就在这双方胶着时刻,魔茧突然凤眉一紧,面上一直挂着的鄙夷笑意顷刻间荡然无存。只见她猛一渡力,伴着一声巨响,冥币之火的火团砰然炸裂,将冥王三人瞬时震出三丈开外,重重击到屋壁之上,又重跌回地上,魔茧却趁机夺门而出。
如此重创,其他人还好,冥王却只觉五臟六腑挤做一团,伴着喉中满满的腥銹之气,张口便吐出一大口鲜血。孟婆忙上前扶住他,一边渡灵力为其疗伤,一边探他脉象:此刻冥王脉息紊乱又虚弱,稍有差池极有可能真的魂飞魄散......
寒殇看冥王脸色惨白,也不禁担心:“冥王,你怎么样?”
“尊主他......”
“我没事,只是灵力虚耗厉害,没什么力气。寒殇,你怎么样?可有哪裏受伤?”冥王打断孟婆的话,有气无力地说。
“我还好......那让孟婆大人为你疗伤,我去追......去追魔茧......”话讫,起身便走。
冥王费力地拉住寒殇衣角,着急得不行:“寒殇,你不能去,你不是魔茧对手,太危险了......我去......”
“尊主,你现在的身体莫说是魔茧,怕是连只蚂蚁都踩不死......”孟婆一时情急,话脱口而出。
“暮烟,本尊的事什么时候轮到你来置喙了!”冥王罕见地沈了脸色。
孟婆自知逾矩,垂首请罪,却是手上灵力不停:“属下知错,请尊主重罚......”
“孟婆大人说得对,你现下确实不适合再出手,好好疗伤,我去追她......”
“寒殇,你不能去......”冥王想拦住寒殇,但力不从心,根本站不起身,急的险些又要吐血。
寒殇有些无奈的一字字向冥王保证:“你信我,我有分寸,断不会乱来,你且安心疗伤,我去去就回。”

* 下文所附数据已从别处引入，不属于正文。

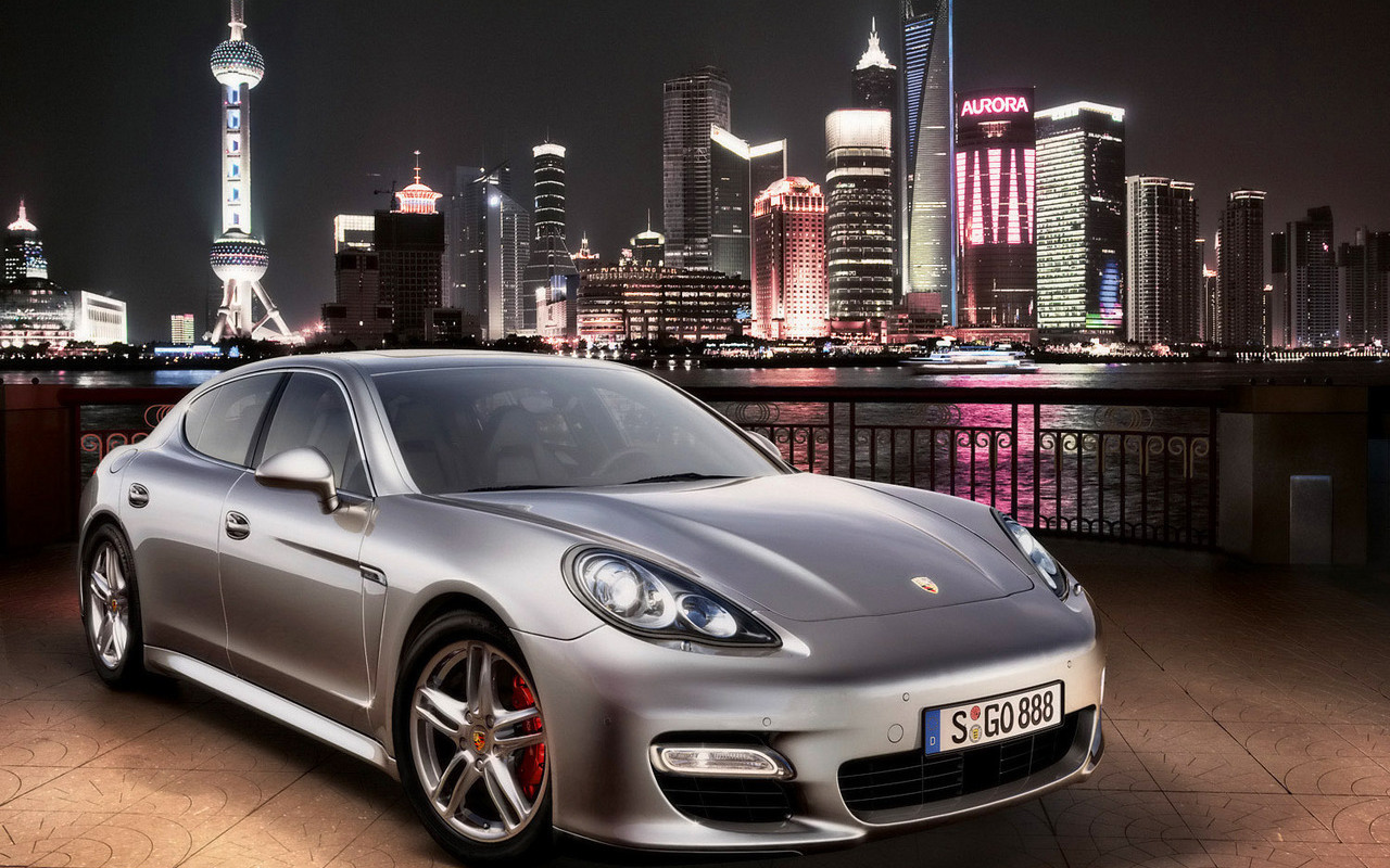Обои Красивая Порш Панамера на фоне ночного города

冥王知道自己劝不动寒殇,正急得心口疼,此刻听寒殇说会回来,心下突然安然,也便松了手:“寒殇,我信你,你可不能失信于我,一定要平安的快些回来。”
“好!”话讫,寒殇便驭灵力,急疾而去。
寒殇一走,冥王便真的撑不住了,晕倒在孟婆怀裏。
孟婆深嘆一口气:这又是何苦呢!
魔茧一路疾驰,却终在临近冥界界边处,支撑不住,她紧紧抚住自己狂跳不止的心臟,倚在一处残壁上大口喘息。